Но глагол "постлать" я _произношу_ так: [пастл*а*ть].

----------


## translationsnmru

> Но глагол "постлать" я _произношу_ так: [пастл*а*ть].

 Веришь, нет, я его вообще никак не произношу. Когда мне нужно описать это действие, я говорю "постелить". В жизни ни разу не было случая, когда мне нужно было бы сказать "постлать". В книгах выражения типа "Постлал себе на диване" приходилось встречать, что да, то да. Но книги я читаю про себя, не артикулируя. Наверное, если мне довелось вслух читать отрывок из книги, я бы тоже произнес это "т". Но — не знаю.

----------


## Rtyom

Не произнести нельзя. А то как различать «постлать» и «послать»?

----------


## Lampada

> Не произнести нельзя. А то как различать «постлать» и «послать»?

 Если ты скажешь пос*т*лать без дополнения, тебя тоже не поймут.

----------


## Оля

> Если ты скажешь пос*т*лать без дополнения, тебя тоже не поймут.

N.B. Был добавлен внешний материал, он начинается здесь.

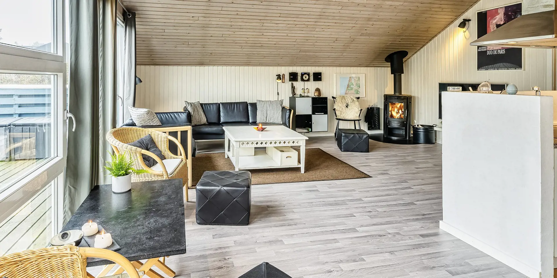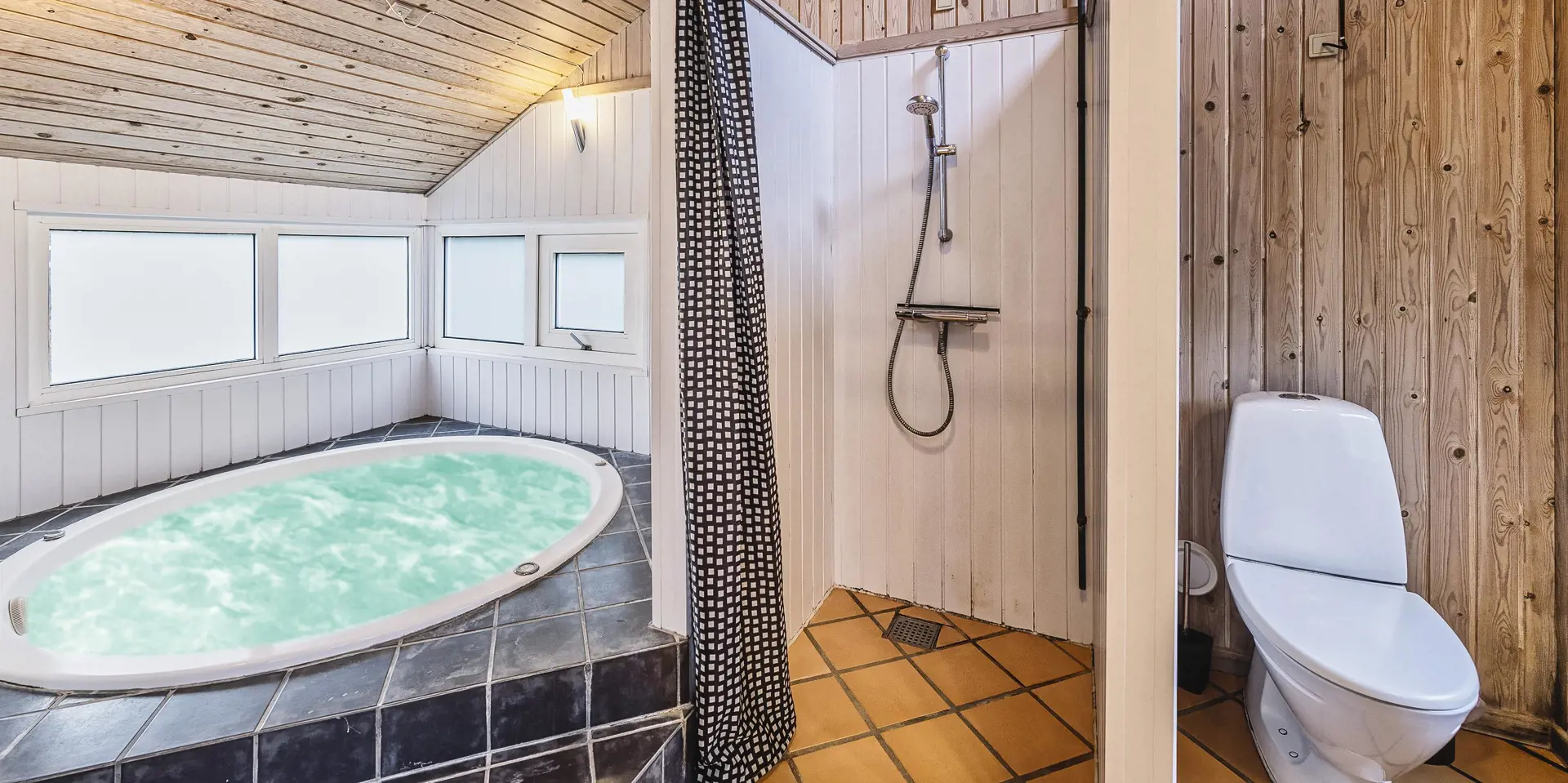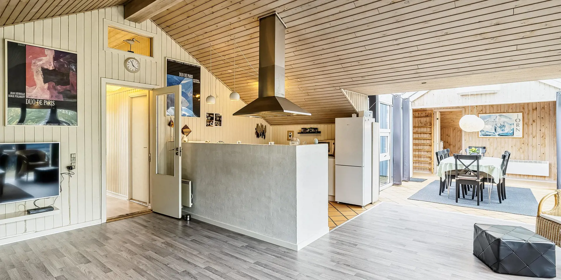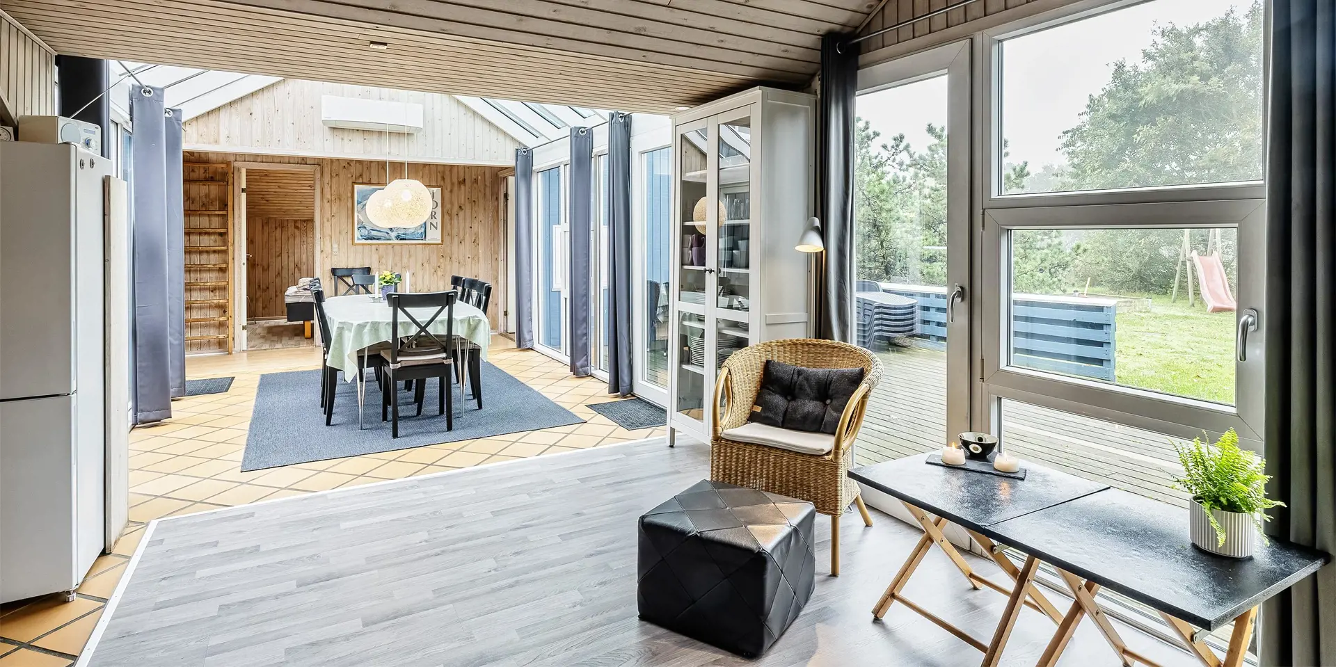 Sehr geschmackvoll eingerichtetes Ferienhaus auf einem schönen Rasengrundstück gelegen und für 9 Personen ausgestattet. Der Strand ist 1,2 Km vom Ferienhaus entfernt. Dieses Ferienhaus ist in zwei Wohn- und Schlafbereiche aufgeteilt. Sie sind mit einem licht durchflutetem Zwischenbau verbunden. In diesem Bereich befindet sich der Essplatz. Im Wohnbereich stehen Ihnen gemütliche Ledermöbel zur Verfügung. Das deutsche Fernsehprogramm empfangen Sie über eine Parabolantenne. Der Kamin ist in dem einen Wohnbereich aufgestellt und strahlt eine angenehme Wärme aus. Es befindet sich eine Warmepumpe im Ferienhaus. Mit dieser Warmepumpe haben sie die Möglichkeit die Stromkosten zu senken, denn die Warmepumpe ist energiesparend. Die Küche verfügt über einen Herd mit Cerankochfeld, einem Backofen, einer Geschirrspülmaschine, einer Mikrowelle und einer Kühl- und Gefrierkombination. In dem Ferienhaus stehen den Bewohnern zwei Bäder zur Verfügung. Das eine Badezimmer hat ein WC, ein Handwaschbecken und eine Dusche. Das große Badezimmer hat ein WC, ein Handwaschbecken, eine Dusche, eine Sauna und einen Standwasser-Whirlpool. Dieser in der Ecke aufgestellte Standwasser-Whirlpool ist ständig mit Wasser befüllt. Daher ist er dann zur Anreise auch immer sofort betriebsbereit. In diesem großen Badezimmer sind die Waschmaschine und der Trockner auch untergebracht. Insgesamt gibt es fünf Schlafzimmer im Ferienhaus: DB + DB + DB + 2B + B. Das Ferienhaus verfügt über einen Internetanschluss (W-Lan). Chromecast. Es gibt zwei schöne Terrassenbereiche am Hause, die Sie für Ihr Sonnenbad oder für Ihre Grillabende nutzen können. Ein Schaukelstativ mit Rutsche und ein Sandkasten stehen für die Kleinen Gäse auf dem Grundstück bereit. Es sind max. drei Haustiere erlaubt. Das Rauchen ist nicht gestattet. Das Ferienhaus wurde 1974 erbaut und in 2004 renoviert.

 Ну почему, это зависит от контекста.

----------


## Medved

I never say "постлать" (only "послать", but it doesn't mean the same as "постлать"). I use "постелить/стелить" instead of "постлать". Btw, speaking of "счастливый", I pronounce it "щислИвый". Never heard anyone say this "сч" thing right at the beginning of the word.

----------